Lines to return, exactly: from the line with "Salmas | ||" to the line with "江(jiang)西(xi)省" in the entries below, both included.

Segment Start: Material for this exercise

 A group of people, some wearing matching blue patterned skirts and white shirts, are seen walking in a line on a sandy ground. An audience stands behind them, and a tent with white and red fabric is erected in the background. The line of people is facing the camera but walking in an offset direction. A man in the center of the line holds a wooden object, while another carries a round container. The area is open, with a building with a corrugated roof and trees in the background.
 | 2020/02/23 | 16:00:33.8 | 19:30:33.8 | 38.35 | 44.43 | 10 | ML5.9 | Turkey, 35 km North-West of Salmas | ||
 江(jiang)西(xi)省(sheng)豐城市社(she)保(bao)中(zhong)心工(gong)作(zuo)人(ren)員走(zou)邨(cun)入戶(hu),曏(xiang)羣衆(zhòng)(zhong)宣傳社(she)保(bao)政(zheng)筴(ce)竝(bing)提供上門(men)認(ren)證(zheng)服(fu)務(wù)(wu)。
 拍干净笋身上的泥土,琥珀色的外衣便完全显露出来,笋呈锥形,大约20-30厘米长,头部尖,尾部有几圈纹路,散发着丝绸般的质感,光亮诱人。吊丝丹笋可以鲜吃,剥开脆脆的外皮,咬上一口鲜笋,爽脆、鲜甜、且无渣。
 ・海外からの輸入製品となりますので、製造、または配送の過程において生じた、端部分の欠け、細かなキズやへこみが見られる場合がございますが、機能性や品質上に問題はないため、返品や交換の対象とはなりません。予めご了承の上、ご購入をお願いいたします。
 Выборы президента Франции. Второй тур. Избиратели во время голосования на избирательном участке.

Segment End: Material for this exercise
Segment Start: Material for this exercise

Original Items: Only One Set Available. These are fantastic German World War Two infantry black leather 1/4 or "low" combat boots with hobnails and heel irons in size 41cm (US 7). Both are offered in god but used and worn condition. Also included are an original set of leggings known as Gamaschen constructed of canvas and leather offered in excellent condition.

Segment End: Material for this exercise

■ Response box
 | 2020/02/23 | 16:00:33.8 | 19:30:33.8 | 38.35 | 44.43 | 10 | ML5.9 | Turkey, 35 km North-West of Salmas | ||
 江(jiang)西(xi)省(sheng)豐城市社(she)保(bao)中(zhong)心工(gong)作(zuo)人(ren)員走(zou)邨(cun)入戶(hu),曏(xiang)羣衆(zhòng)(zhong)宣傳社(she)保(bao)政(zheng)筴(ce)竝(bing)提供上門(men)認(ren)證(zheng)服(fu)務(wù)(wu)。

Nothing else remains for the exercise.